_INPUT DATA_:
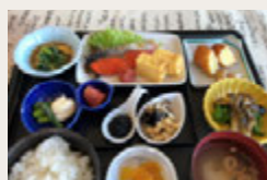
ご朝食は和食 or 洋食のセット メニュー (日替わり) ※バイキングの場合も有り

---

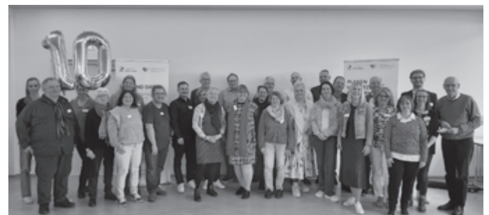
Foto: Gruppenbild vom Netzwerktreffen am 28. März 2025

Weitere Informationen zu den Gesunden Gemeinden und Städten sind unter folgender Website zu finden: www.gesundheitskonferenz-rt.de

_WHAT YOU NEED TO DO_: Look back at the entries above and repeat, unchanged, every line from the line holding "Foto: Gruppenbild vom" through the line holding "Weitere Informationen zu".

_EXERCISE OUTPUT_:
Foto: Gruppenbild vom Netzwerktreffen am 28. März 2025

Weitere Informationen zu den Gesunden Gemeinden und Städten sind unter folgender Website zu finden: www.gesundheitskonferenz-rt.de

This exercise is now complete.